Acceptable consideration for sale of estate assets

I am dealing with an estate where the deceased owned a number of properties as tenants in common with a third party. His interest in the properties passes under the terms of his Will to his three children, who are also his executors and trustees. The third party wishes to buy the deceased’s interest in one of the properties from the estate but does not have cash available to do so. Instead, they are offering their interest in one of the other jointly held properties and a further property which they hold in their sole name as consideration, with a cash balance. The executors are happy to agree to this, with one wishing to have the former jointly owned property appropriated to them as part of their share in the estate, the other wishing to take the ‘new’ property as part of their share and the third preferring to receive cash. Conveyancers have been instructed to look at how the transactions should be structured. There are cash legacies in the Will that would not be covered if the interest in the estate property were to be appointed out to the residuary beneficiaries.

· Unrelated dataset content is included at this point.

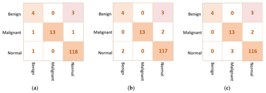 Example of the confusion matrices in the binary approach for individual pre-trained models using INbreast testing set: (a) DenseNet201, (b) InceptionResNetV2, and (c) Xception.

The Will includes the standard STEP provisions (2nd Edition) only. Do these cover the proposed transactions if the property remains within the estate? Do I need to be concerned about self-dealing? I am conscious that there will also be Stamp Duty and CGT considerations and should be grateful for any guidance or comments in this respect.

In this particular instance, as the executors and trustees are also the only persons entitled to the property interests, the “rule” in Saunders v. Vautier will apply, so that they can make such arrangements as they agree between themselves. Even if S v.V did not apply, the rule against self-dealing would be displaced by the STEP Standard Provisions (2nd Edition) clause 9.4.2 if the 3 children were the only executors appointed under the will

Paul Saunders FCIB TEP

Independent Trust Consultant

Providing support and advice to fellow professionals

Sarah I am confused by your statements “His interest in the properties passes under the terms of his Will to his three children” and “There are cash legacies in the Will that would not be covered if the interest in the estate property were to be appointed out to the residuary beneficiaries”.
Surely, if the properties passed as a specific legacy to the children this would take precedence over cash [pecuniary] legacies? Whilst if the properties form part of residue, payment of the cash legacies would take priority - and the children would have to introduce sufficient cash to pay such legacies and other debts/expenses - with potential added complications. Is this your concern?

You are right in thinking that the interest in the properties passes to the children as part of the residue. One of my concerns is whether it would be possible to appoint out the interest in the properties to obtain the benefit of the CGT saving that this would provide but still retain a lien of some sort to cover the legacies.